How Has the Tax Reform Affected the Real Estate Market?
One of the doom and gloom theories regarding the federal tax reform, also known as the Tax Cut and Jobs Act, was that it would put a heavy burden on the real estate market. The theory was that because the reform placed a $10,000 cap on the federal deduction for state and local taxes(SALT)it would severally hurt the real estate market, especially in very expensive locations.
The reasoning was that in these more expensive cities, like San Francisco and New York, local property taxes can cost more than $10,000 by themselves. It wasn’t just the real estate industry that was crying foul, either. Many financial experts warned that this change would lower the value of homes and hurt local governments’ revenue from property taxes.
Forecasters Missed Their Mark
So how have those predictions turned out so far? As it turns out, those cries of doom and despair have been mostly incorrect. In fact, the reality is the real estate market nationwide was already showing signs of decline before the Tax Cut and Jobs Act. That makes it harder to pinpoint precisely what activity the tax changeis driving. However, that being said, the new limit on the state and local tax (SALT) deduction has not caused a total real estate meltdown across the country, including in high-tax markets.
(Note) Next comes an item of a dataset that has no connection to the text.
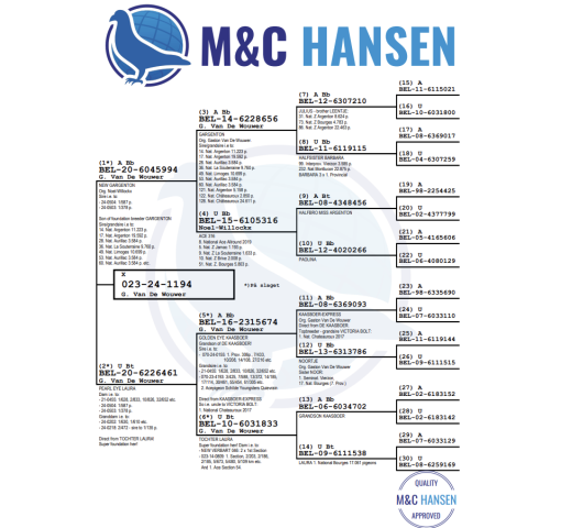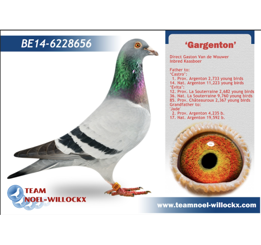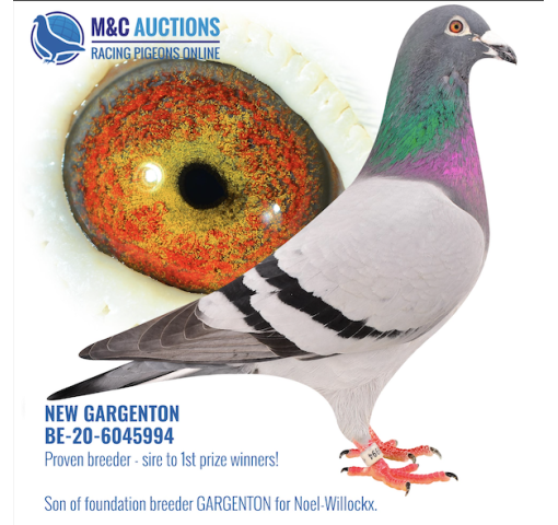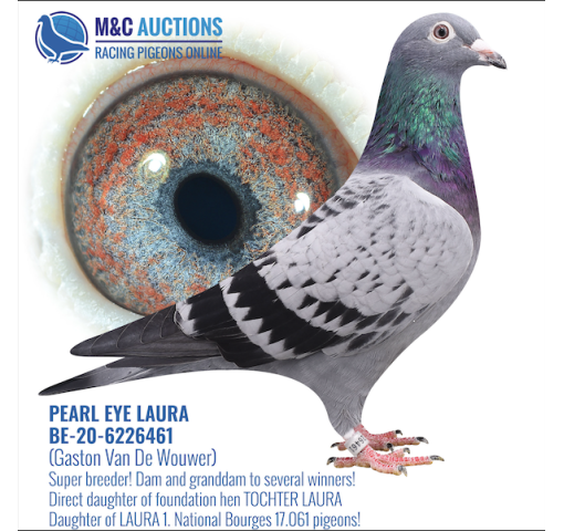**There is an additional $290 import fee to be added to the price of the pigeon. The pigeons are already with BestPigeons in perfect health, ready to ship!   Gaston Van De Wouwer bloodlines!    The pair bred 2 winners!     Sire: BE20-6045994 NEW GARGENTON. Original Noel-Willockx from the famous GARGENTON, original Gaston Van De Wouwer and superbreeder.    Dam: BE20-6226461 PEARL EYE LAURA. Very good breeder. Dam of several winners.  Direct daughter of the foundation hen TOCHTER LAURA. She is the dam, granddam and greatgranddam to a lot of winners all over the world! One of the best hens ever on the loft!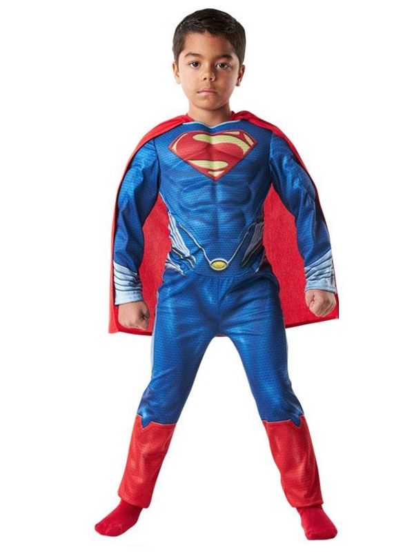 Детский костюм Супермена включает в себя синий комбинезон с эмблемой и накладными нагрудными мышцами, а также красный плащ.

For example, even one of the most expensive real estate markets in the country, the Bay Area, has not seen any adverse effects. San Francisco, Silicon Valley and Oakland remain some of the most competitive markets in the entire country. In fact, these three markets have all enjoyed double-digit growth in sale prices in the last year.
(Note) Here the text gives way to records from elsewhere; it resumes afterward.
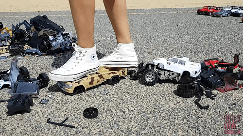 Part 4: I love the sounds of breaking toy cars so much; therefore I decide to take care of the next 4 cars (2 police cars, 1 SUV and 1 pickup truck) wearing my Converse sneakers.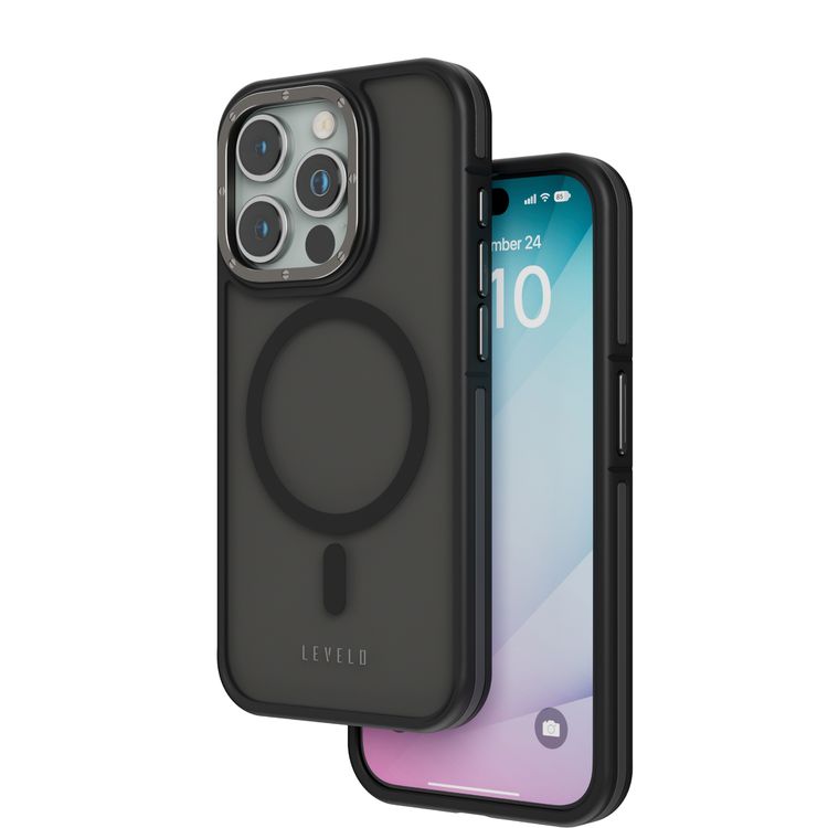 حافظة Levelo Rouge MagSafe غير اللامعة مع حلقة معدنية للكاميرا، حواف مقاومة للصدمات، متوافقة مع MagSafe، مقاومة للخدش 3H، زوايا معززة مع Airguard، تصميم بلمسة نهائية غير لامعة - أسود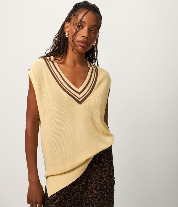 Colete Alongado em Tricô com Detalhe Contrastante Amarelo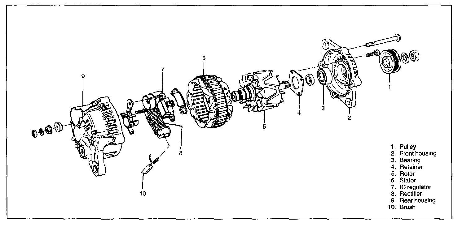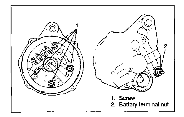 8. Remove stator from rear housing by removing four screws and battery terminal nut.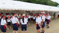 本日2校時目に全校体育を行いました。運動会に向けて、行進や開会式、閉会式の練習を行いました。第1回目の全校体育でしたが、みんな実行委員や団長等の話をよく聞いて動いていました。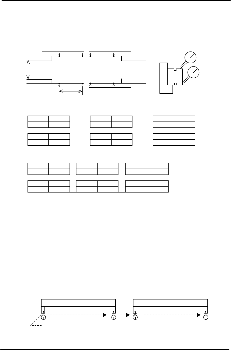 4. For the secondary rail carrier claw adjustment: Set a dial gauge on the joint plate. Write down the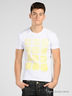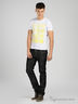 Трикотажная мужская футболка прямого покроя с округлым вырезом горловины и короткими рукавами. Модель декорирована контрастным набивным рисунком и аппликацией.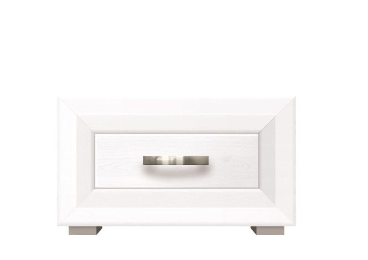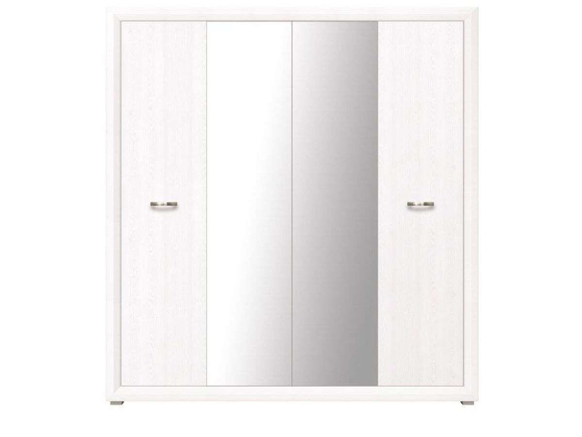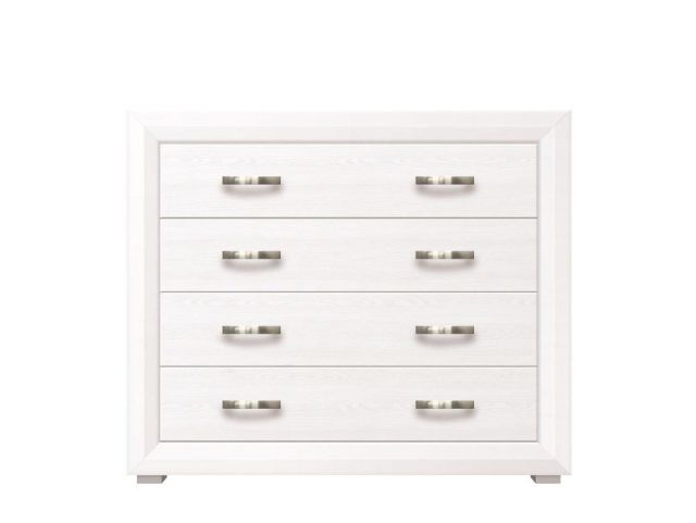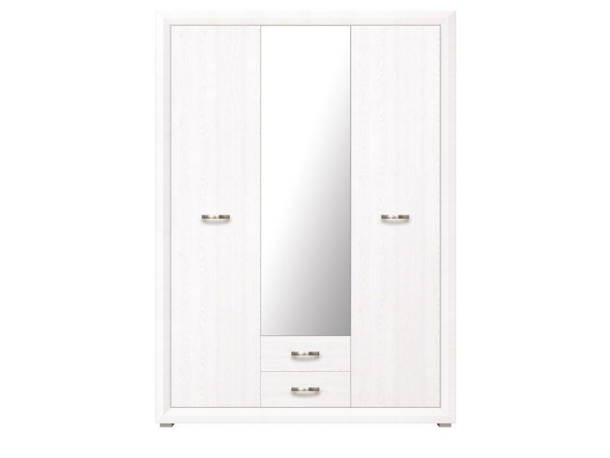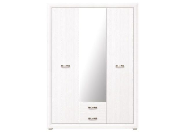 Великолепные белоснежные фасады коллекции удачно контрастируют со вставками из «ореха лион», продолговатые металлические ручки добавляют изящества, а подсветка стеклянных полок выгодно подчеркивает древесную структуру дерева.

Some Locations Seeing a Slowdown
While the results have been much better than expected in most locations, there are some markets that have seen a slowdown. For example, some residents of New Jersey have moved in order to reduce their tax bill because they can no longer deduct more than $10,000. Other markets, like Fairfield County, Connecticut have seen a big spike in the number of homes being put up for sale. And in Florida, many people who own a second home, have decided to switch their permanent residency to the Sunshine state in order to lower their tax bill.
Luxury MarketTaking a Hit
One area that has perhaps taken the biggest hit is the luxury real estate market in high-tax states. For example, sales of homes worth more than $1 million in the Queens and Brooklyn areas have slowed down. On the other hand, the opposite is true for high-end homes in low tax states, such as Florida and Nevada. These have experienced the highest growth percentage in the country for luxury home sales.
What’s in Store Long-Term?
The other side of the story is how the SALT-cap deduction will affect local governments. Many financial experts still think local agencies will see an adverse effect because of this change. That’s because the $10,000 cap could make it harder for lawmakers to increase property tax rates in those areas if residents can’t write off the increased hike.